Les mauvaises nouvelles sont-elles bonnes?

7-10-2019
Xavier Timmermans – Investment Strategist
Rédigé le 7-10-2019 09:57
Publié le 7-10-2019 09:57
Après deux jours de fortes baisses, les actions sont remontées en fin de semaine.

Sommaire

  • Confirmation du ralentissement de l’économie
  • Le rapport américain sur l’emploi
  • Réactions des marchés
  • Tensions géopolitiques
  • Nos conclusions
Les baisses de mardi et mercredi ont été provoquées par la détérioration du secteur manufacturier et par de nouvelles tensions géopolitiques. Jeudi et vendredi, les chiffres du secteur des services et ceux de l’emploi américain ont été eux aussi en-deçà des attentes mais, de façon surprenante, les actions se sont redressées au point que le S&P500 a quasi récupéré toutes ses pertes. Sur la semaine le S&P500 a cédé 0,33% tandis que le Stoxx Europe 600 a perdu 2,95%. Les rendements obligataires ont baissé et l’or s’est redressé.

Confirmation du ralentissement de l’économie

L’indice ISM manufacturier de septembre (enquête auprès des directeurs d’achats) est tombé à 47,8, soit moins que 50 qui indique un ralentissement. Les États-Unis n’échappent donc pas au ralentissement mondial de l’industrie. Pour la zone euro, l’indice PMI manufacturier a baissé à 45,7 et en Allemagne à 41,7, c’est-à-dire carrément en zone de récession. Deux jours plus tard, jeudi, l’indice ISM des services a lui aussi baissé plus que prévu, passant de 56,4 à 52,6. Il reste toutefois au-dessus de 50, ce qui indique que la consommation continue de croître mais la décélération est inquiétante.

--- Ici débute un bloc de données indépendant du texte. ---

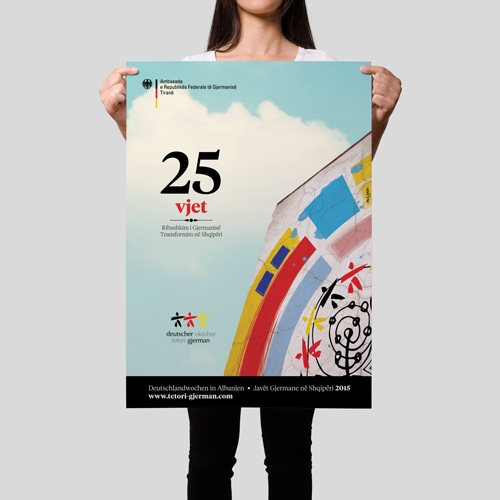 Vitin e kaluar, Ambasada Gjermane në Tiranë kërkoi të thyente rutinën përmes një identiteti vizual të fuqishëm për “Tetorin Gjerman” dhe të promovonte lidhjet e forta e pa kufij midis dy vendeve. Këtë vit, theksi ishte në festimin e ribashkimit të Gjermanisë dhe transformimin e Shqipërisë duke ruajtur njëkohësisht fokusin në lidhjet e forta midis dy vendeve gjatë 25 viteve të fundit.
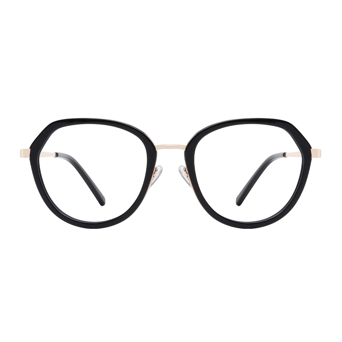 Refresh your eyewear collection with our trendy black geometric glasses. The full-rim design crafted from sleek black PC and metal creates a striking, modern aesthetic. Ideal for those who appreciate a contemporary and bold statement, these glasses offer both durability and style, perfect for any fashion-forward wardrobe.
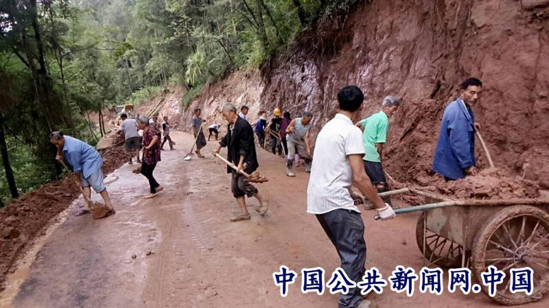 群众清除道路泥石流
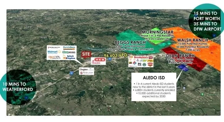 Oakey Landing - Introducing the Premier Business Destination in Hudson Oaks, Texas! This brand new real estate development is nestled in the heart of Hudson Oaks, Texas, where opportunity meets prestige. Strategically situated off Oakey Trail and Midway Lane, with high traffic counts and easy access to two major highways. Our build- to-suit spaces provide the perfect canvas for your unique vision. Whether you're a boutique retailer, restaurant owner, or service provider, our flexible layouts cater to your specific needs, ensuring maximum efficiency and functionality. This affluent suburban setting offers a prestigious address that resonates with discerning clientele. Capitalize on the purchasing power of the local demographic and establish your brand as a premier destination for luxury and convenience. With 30% of our development already pre-leased and an anchor tenant secured, now is the time to secure your space and seize the opportunity to position your business for success.

Le rapport américain sur l’emploi

En septembre, 136 000 emplois ont été créés, en retrait par rapport aux 145 000 qui étaient attendus par les économistes. Mais les chiffres des deux mois précédents ont été revus à la hausse de 45000, ce qui porte la moyenne des 3 derniers mois à 157 000, comparés à 163000 pour les 6 premiers mois de l’année. Les créations d’emplois restent donc fortes même si leur croissance ralentit.
Le taux de chômage a baissé de 3,7% à 3,5% mais la croissance des salaires sur un an a baissé de 3,2% à 2,9%.

Réactions des marchés

Les opérateurs du marché en déduisent que tout cela renforce les arguments en faveur d’une baisse plus importante des taux de la Fed car il n’y a pas d’inflation salariale et les risques de ralentissement généralisé sont sérieux. Les prix des contrats à terme sur taux indiquent que la probabilité d’une baisse des taux en octobre est maintenant de 77% contre 40% il y a une semaine.
Cela explique pourquoi les actions ont rebondi en fin de semaine malgré des chiffres plus faibles que prévu.

Tensions géopolitiques

L’Organisation Mondiale du Commerce a donné au président Trump son feu vert pour imposer jusqu’à 7,5 milliards de dollars de droits de douanes sur l’Union européenne, en représailles aux subsides illégaux reçus par Airbus. L’administration américaine a immédiatement annoncé les nouveaux tarifs douaniers affectant les avions et les spiritueux européens.
Boris Johnson a transmis ce mercredi son plan pour le Brexit à l’Union européenne avec sa solution pour l’Irlande du Nord. La première réaction de l’Union européenne et de l’Irlande en particulier ne semble pas favorable mais les discussions ne sont pas rompues.
Ces deux éléments expliquent la moins bonne performance des actions européennes.

Nos conclusions

Les investisseurs ont raison de s’inquiéter de l’extension du ralentissement de la croissance économique. Est-elle inévitable ? Pas nécessairement. Tout dépendra de la réaction des autorités politiques. Les banques centrales font leur part du travail mais les politiques monétaires à elles seules ne suffiront pas, d’autant que leur efficacité tend à diminuer.
Pour faire remonter la confiance des chefs d’entreprise et des consommateurs, il en faudrait plus, à commencer par un arrêt ou au moins une pause dans le conflit commercial américano-chinois. Si, à côté des politiques monétaires accommodantes, on a des politiques budgétaires et fiscales plus expansionnistes en Europe, en Chine et aux États-Unis, cela peut faire la différence.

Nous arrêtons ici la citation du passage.